(Data for this task begins)

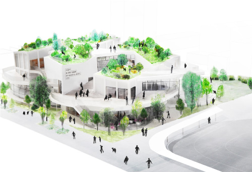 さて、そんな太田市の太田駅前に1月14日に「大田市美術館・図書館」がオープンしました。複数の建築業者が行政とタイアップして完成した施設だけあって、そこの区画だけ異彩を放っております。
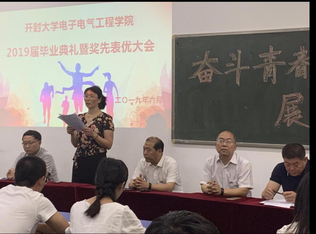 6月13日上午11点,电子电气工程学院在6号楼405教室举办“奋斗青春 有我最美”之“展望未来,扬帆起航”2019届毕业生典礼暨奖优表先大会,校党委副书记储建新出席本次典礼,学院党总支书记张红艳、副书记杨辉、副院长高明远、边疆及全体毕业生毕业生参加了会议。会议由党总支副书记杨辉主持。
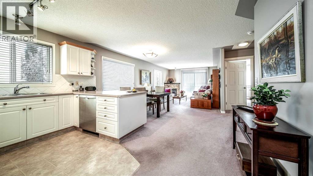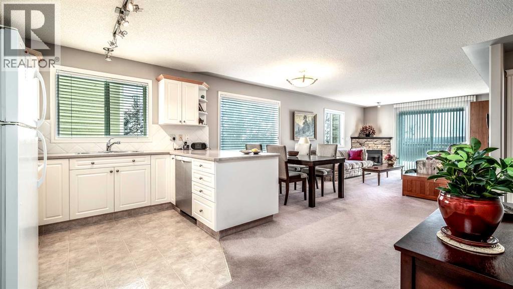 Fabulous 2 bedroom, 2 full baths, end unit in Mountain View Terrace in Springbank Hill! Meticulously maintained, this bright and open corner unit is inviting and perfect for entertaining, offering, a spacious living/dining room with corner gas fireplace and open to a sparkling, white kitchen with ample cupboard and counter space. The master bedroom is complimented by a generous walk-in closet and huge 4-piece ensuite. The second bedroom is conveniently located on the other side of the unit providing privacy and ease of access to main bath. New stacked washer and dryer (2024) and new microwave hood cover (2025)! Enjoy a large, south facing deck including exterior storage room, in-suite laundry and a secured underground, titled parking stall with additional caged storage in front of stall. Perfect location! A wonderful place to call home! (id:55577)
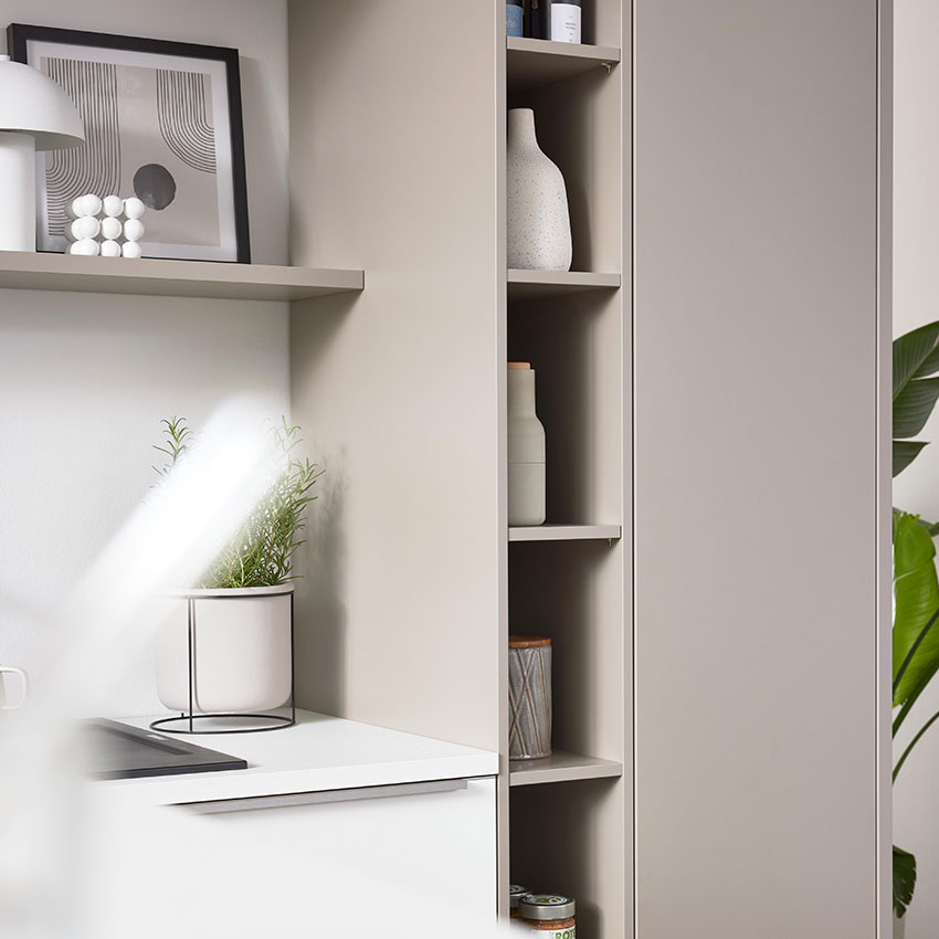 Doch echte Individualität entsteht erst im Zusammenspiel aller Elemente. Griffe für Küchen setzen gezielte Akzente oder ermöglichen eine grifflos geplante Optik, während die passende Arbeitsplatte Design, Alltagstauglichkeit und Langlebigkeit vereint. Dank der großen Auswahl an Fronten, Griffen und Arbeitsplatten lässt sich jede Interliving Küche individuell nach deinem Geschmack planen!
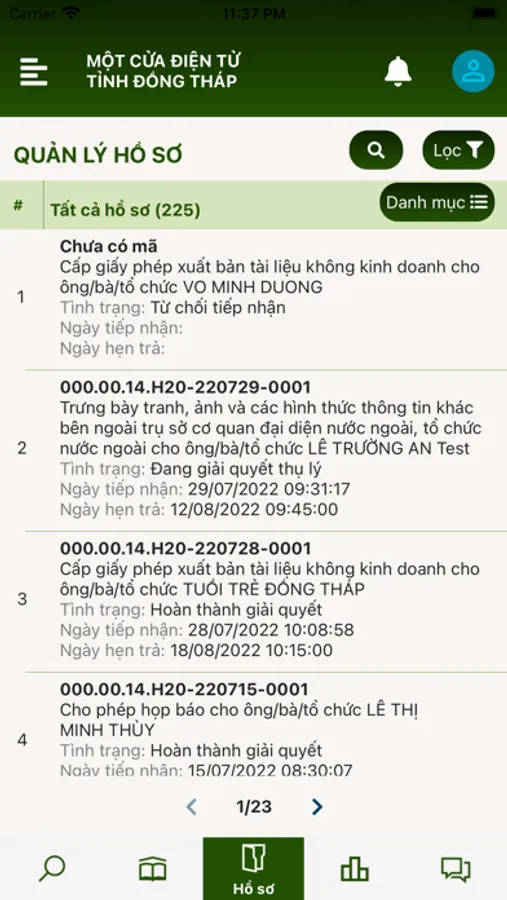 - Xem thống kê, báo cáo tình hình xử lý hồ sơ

(Data for this task ends)

● What to do: Take the line with "Fabulous 2 bedroom, 2" as the first line and the last line of the records above as the final one; reproduce exactly the lines between them, both included, without pictures.

● Solution for this task:
 Fabulous 2 bedroom, 2 full baths, end unit in Mountain View Terrace in Springbank Hill! Meticulously maintained, this bright and open corner unit is inviting and perfect for entertaining, offering, a spacious living/dining room with corner gas fireplace and open to a sparkling, white kitchen with ample cupboard and counter space. The master bedroom is complimented by a generous walk-in closet and huge 4-piece ensuite. The second bedroom is conveniently located on the other side of the unit providing privacy and ease of access to main bath. New stacked washer and dryer (2024) and new microwave hood cover (2025)! Enjoy a large, south facing deck including exterior storage room, in-suite laundry and a secured underground, titled parking stall with additional caged storage in front of stall. Perfect location! A wonderful place to call home! (id:55577)
 Doch echte Individualität entsteht erst im Zusammenspiel aller Elemente. Griffe für Küchen setzen gezielte Akzente oder ermöglichen eine grifflos geplante Optik, während die passende Arbeitsplatte Design, Alltagstauglichkeit und Langlebigkeit vereint. Dank der großen Auswahl an Fronten, Griffen und Arbeitsplatten lässt sich jede Interliving Küche individuell nach deinem Geschmack planen!
 - Xem thống kê, báo cáo tình hình xử lý hồ sơ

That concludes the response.